We’re starting with Journey into Fear by Eric Ambler.
A lot of people really like Eric Ambler and he’s a wonderful prose stylist – he’s a serious writer. This is a claustrophobic story set on a ship full of German spies and the hero is an English spy. It’s set in World War II and what’s amazing is that it was written in 1940 and he didn’t know what the outcome of the war would be. We know Germany lost and everything was OK, but if you were writing in 1940 you’d think: ‘Cripes, these people look very scary and good and we don’t really look very good at all.’ It’s like all those Cold War thrillers that look very different now that we’ve won, but if you go back and look they were very frightening.

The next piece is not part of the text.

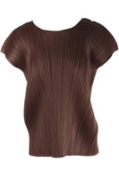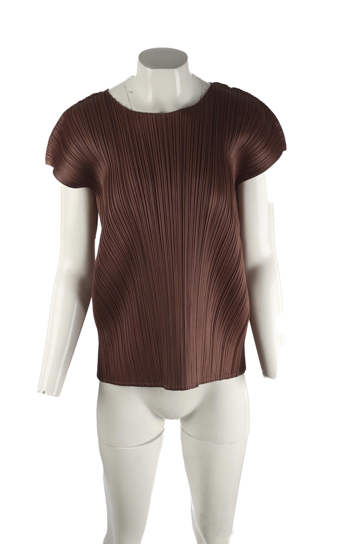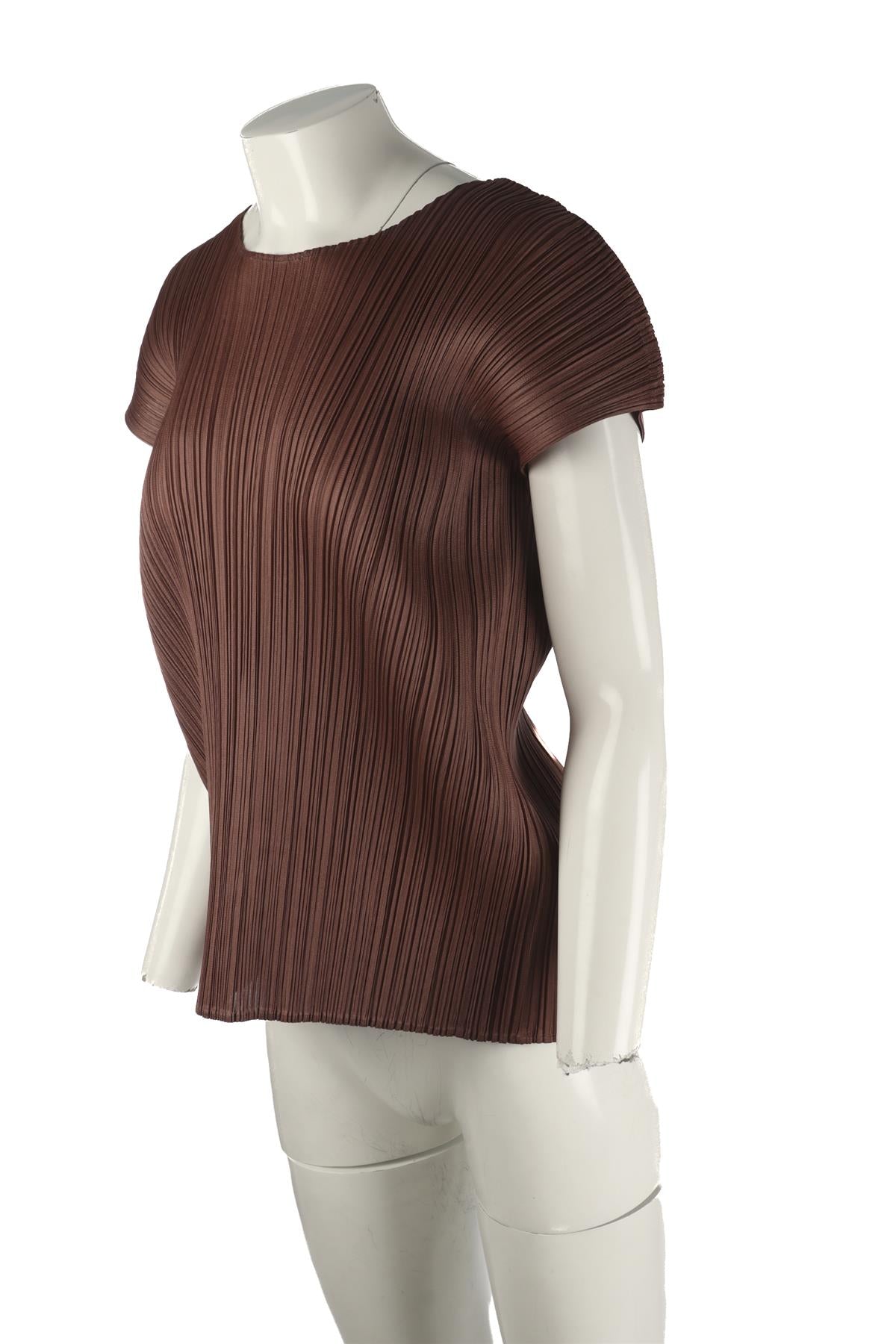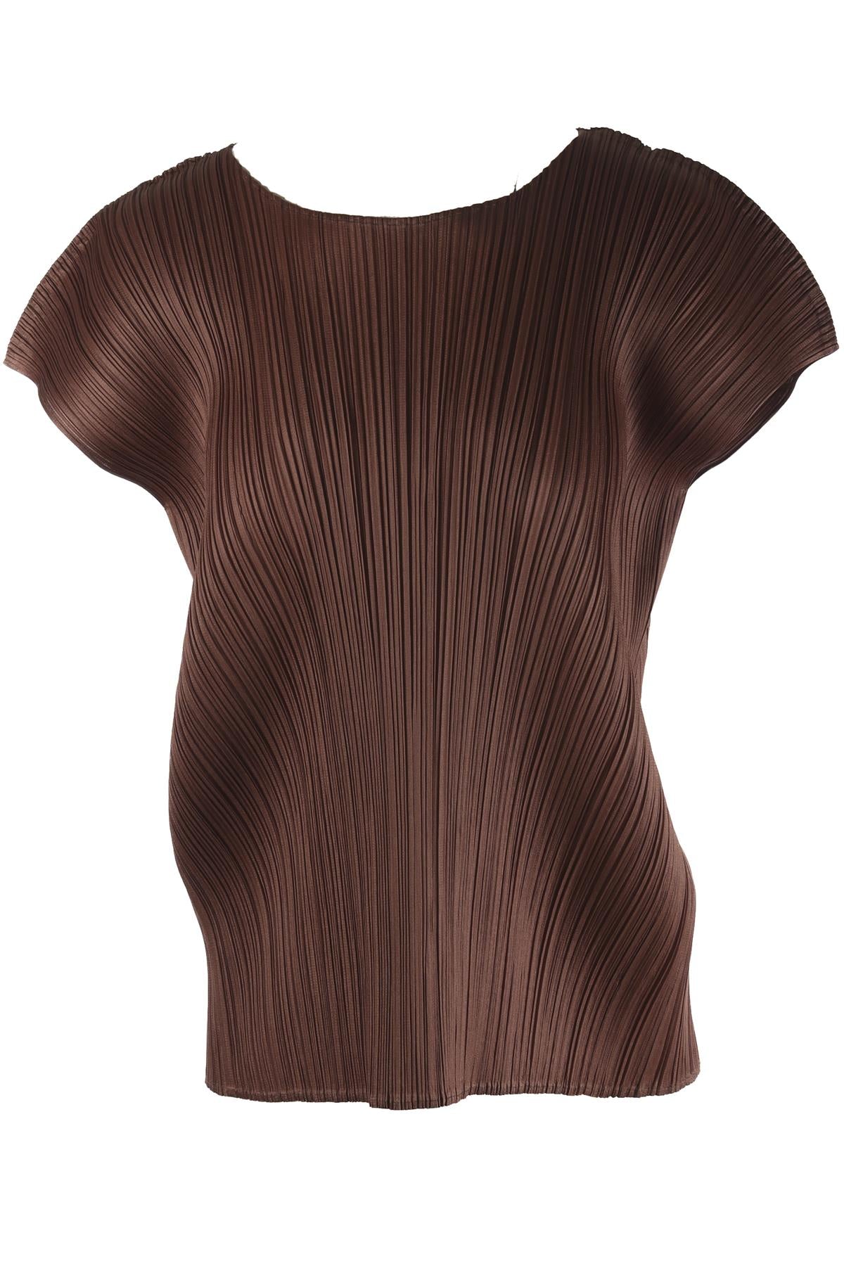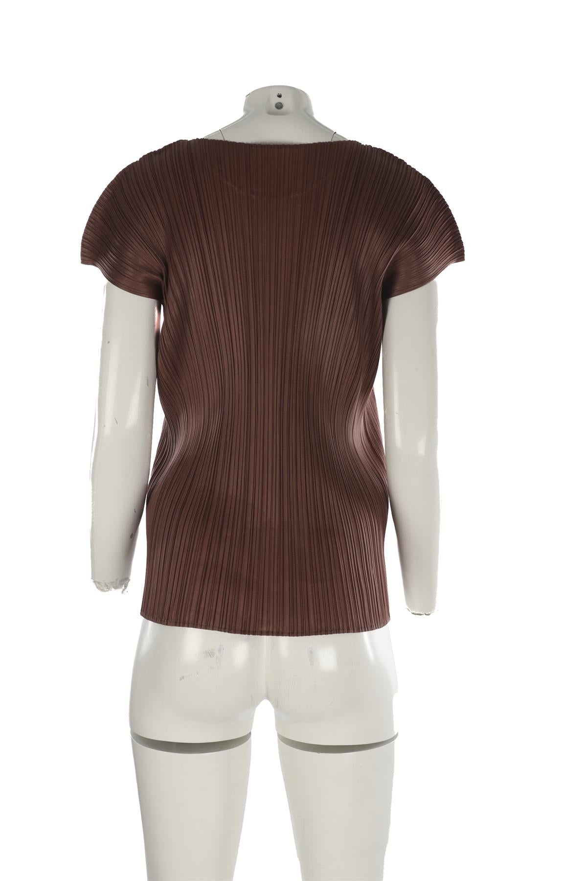 Pleats Please Issey Miyake Brown Top. Brown. Short Sleeve. Crewneck. Slips on. 100% Polyester. JP 3 (UK 8, US 4, FR 36, IT 40). Bust: 31 in. Waist: 30 in. Hips: 30 in. Length: 23 in.

This book is like George Orwell writing a thriller – it was the start, really, of the thriller as a literary genre.
What is it that makes it better than other thrillers of the same kind?
Well, it’s the sense of foreboding and tension, I think. The claustrophobia and, of course, a brilliant central character. Two of my choices are set on ships, so I suppose it’s that they are closed room stories about current events – the enclosed space. The thriller has always been a very political genre, a kind of snapshot in time. If you want to know what people were really thinking at that time in politics, read a thriller.
There’s a wonderful bit in one of John Buchan’s books where the hero, Hannah, is having a very casual conversation with someone about the battle of the Somme. We think of it as the worst carnage in human history but at the time there seems to have been quite a casual attitude to it: ‘The boys gave the Bosch a good bashing.’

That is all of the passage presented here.